After structurization, I have a module that has what looks like a reasonable CFG, but bad branch conditions and PHIs:

define <4 x float> @structurizer_test(<4 x float> %inp.coerce) {
%1 = extractelement <4 x float> %inp.coerce, i32 0
%2 = fcmp ogt float %1, 0.000000e+00
%3 = xor i1 %2, true
br label %Flow

Flow: ; preds = %Flow1, %0
%4 = phi <4 x float> [ %14, %Flow1 ], [ <float 1.000000e+00, float 1.000000e+00, float 1.000000e+00, float 1.000000e+00>, %0 ]
%5 = phi <4 x float> [ %16, %Flow1 ], [ <float 1.000000e+00, float 1.000000e+00, float 1.000000e+00, float 1.000000e+00>, %0 ]
%6 = phi float [ %17, %Flow1 ], [ 0.000000e+00, %0 ]
%7 = phi i1 [ %18, %Flow1 ], [ %3, %0 ]
%8 = phi i1 [ false, %Flow1 ], [ %2, %0 ]
br i1 %8, label %.lr.ph.i, label %Flow1

.lr.ph.i: ; preds = %Flow
%i.03.i = phi float [ %6, %Flow ]
%ret.02.i = phi <4 x float> [ %5, %Flow ]
%9 = extractelement <4 x float> %ret.02.i, i32 0
%10 = fadd fast float %9, 0xBFB99999A0000000
%11 = insertelement <4 x float> %ret.02.i, float %10, i32 0
%12 = fcmp olt float %10, 5.000000e-01
%13 = xor i1 %12, true
br i1 %13, label %19, label %Flow2

Flow1: ; preds = %Flow2, %Flow
%14 = phi <4 x float> [ %23, %Flow2 ], [ %4, %Flow ]
%15 = phi <4 x float> [ %11, %Flow2 ], [ undef, %Flow ]
%16 = phi <4 x float> [ %24, %Flow2 ], [ %5, %Flow ]
%17 = phi float [ %25, %Flow2 ], [ %6, %Flow ]
%18 = phi i1 [ %26, %Flow2 ], [ %7, %Flow ]
br i1 true, label %Flow3, label %Flow

; :19 ; preds = %.lr.ph.i
%20 = fadd fast float %i.03.i, 1.000000e+01
%21 = fcmp olt float %20, %1
%22 = xor i1 %21, true
br label %Flow2

Flow2: ; preds = %19, %.lr.ph.i
%23 = phi <4 x float> [ %11, %19 ], [ %4, %.lr.ph.i ]
%24 = phi <4 x float> [ %11, %19 ], [ undef, %.lr.ph.i ]
%25 = phi float [ %20, %19 ], [ undef, %.lr.ph.i ]
%26 = phi i1 [ %22, %19 ], [ %7, %.lr.ph.i ]
br label %Flow1

Flow3: ; preds = %Flow1
br i1 %18, label %._crit_edge.i, label %_Z9get_colorDv2_f.exit

._crit_edge.i: ; preds = %Flow3
%ret.0.lcssa.i = phi <4 x float> [ %14, %Flow3 ]
%27 = insertelement <4 x float> %ret.0.lcssa.i, float 0.000000e+00, i32 2
br label %_Z9get_colorDv2_f.exit

_Z9get_colorDv2_f.exit: ; preds = %._crit_edge.i, %Flow3
%.0.i = phi <4 x float> [ %15, %Flow3 ], [ %27, %._crit_edge.i ]
ret <4 x float> %.0.i
}

Note the undef values in some of the PHIs and ‘i1 true’ for the loop branch condition.

structurizer.ll (1.37 KB)

+ Christian

Hi,

I've been investigating the StructurizeCFG pass, and it looks like it has
trouble handling CFG edges that break out of a loop and go directly to the
function exit. Am I running up against a bug in the structurizer, or a
general limitation of the algorithm used? As an aside, is there any
documentation for the algorithm used? Is it based on a published paper?

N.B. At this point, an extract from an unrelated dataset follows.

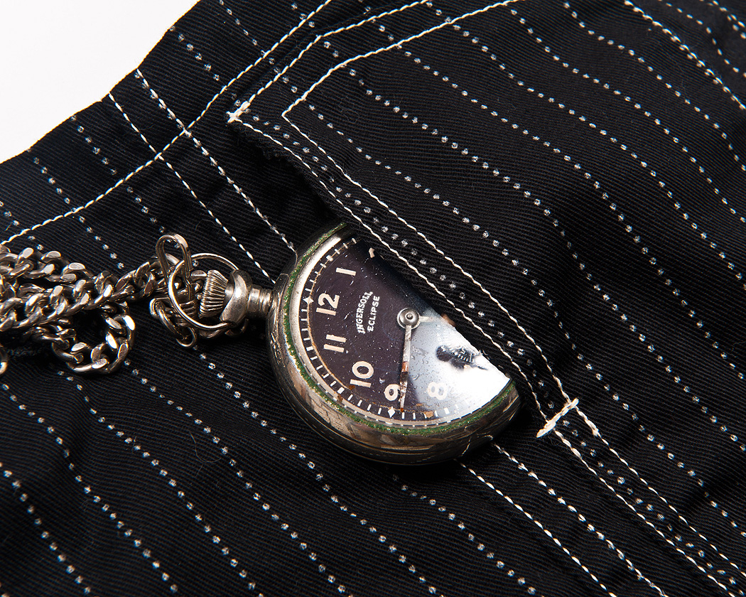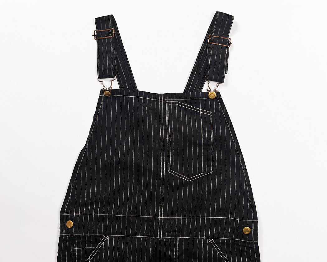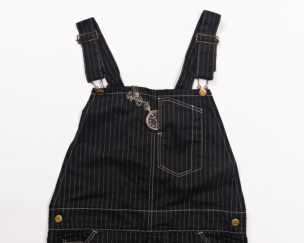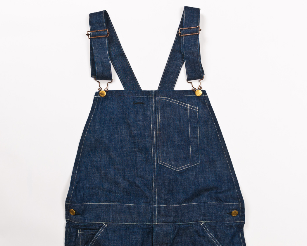オーバーオールのビブ。 レイルロードジャケットと同じ、6角形のウォッチ&ペンシルポケット。 ビブの右側にはホールが開けられ、懐中時計のチェーンがひっかけられるようになっています。

I'm not aware of any limitations, so this is a bug. Can you file one at
llvm.org/bugs.

-Tom

https://llvm.org/bugs/show_bug.cgi?id=25378

Thanks!

Hi Justin,

yeah entirely possible that this case isn't handled correctly.

As an aside, is there any documentation for the algorithm used? Is it based on a published paper?

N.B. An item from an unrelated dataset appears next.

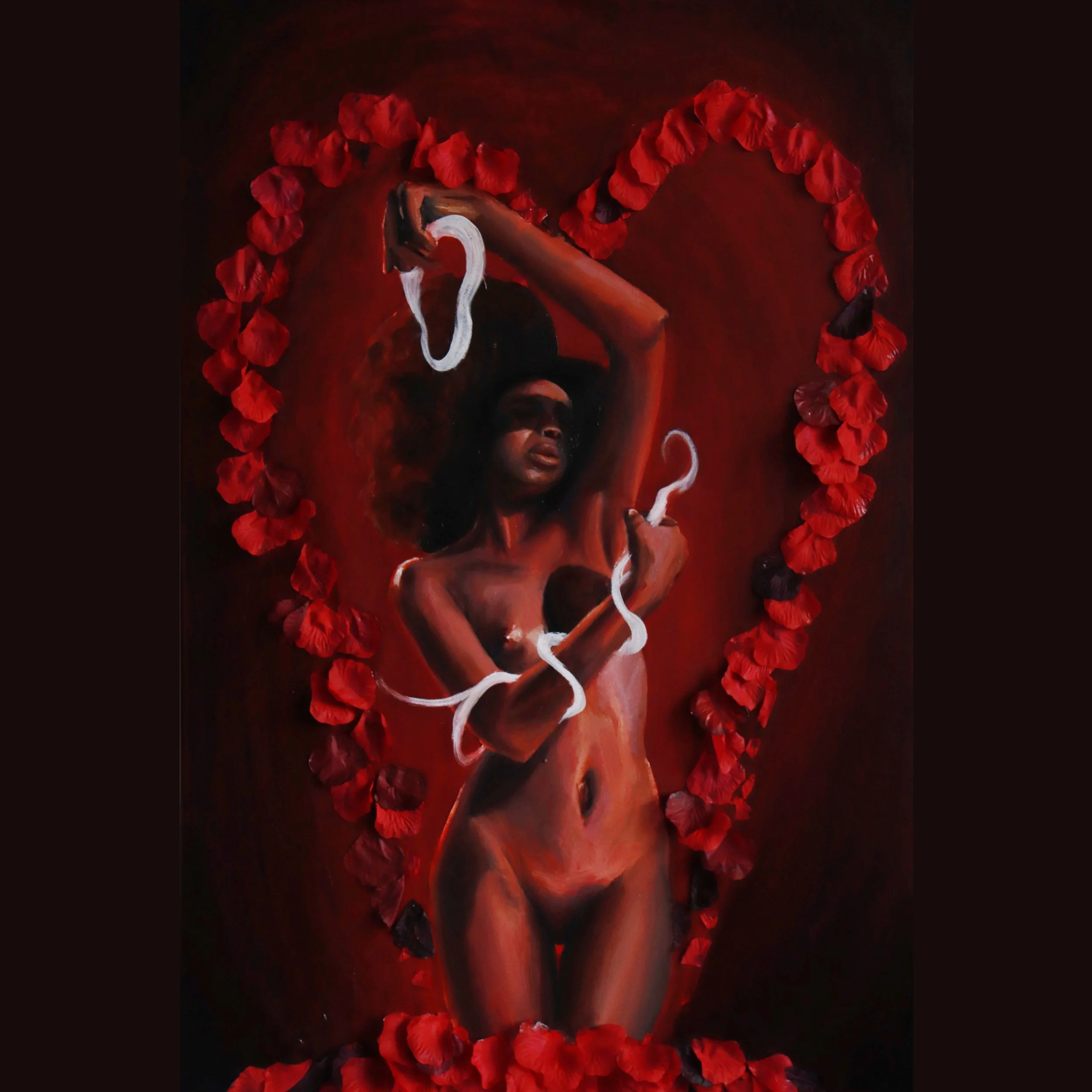 Secured-Affirmation" invites us into a sacred dialogue with the self, capturing the delicate balance between vulnerability and empowerment. The painting radiates a quiet intimacy, reflecting the courage it takes to confront and embrace one's inner truths. The contrast of textures between the rose petals and the smooth oil paint, mirrors the duality of strength and gentleness required to nurture self-love. This painting is a reminder that we are our own sanctuary, capable of offering ourselves the deepest acceptance and care. Through this visualized energy we must carry and nurture the transformative power of seeing oneself fully, affirming that the love we give inwardly is not only essential but irreplaceable.

Not really. IIRC I read about the general idea in some paper about efficient code generation for DSPs, but essentially I came up with most of the algorithm myself.

Basically it just does the following. Assuming you have a control flow like this:

while (x) {
     a();
     if (b())
         break;
     c();
}

It reworks the flow into something like this:

flow = true;
while (x && flow) {
     a();
     if (b())
         flow = false;
     if (flow)
         c();
}

This is done by ordering all the basic blocks so you have as less back edges as possible and as less dependencies as possible between the basic blocks.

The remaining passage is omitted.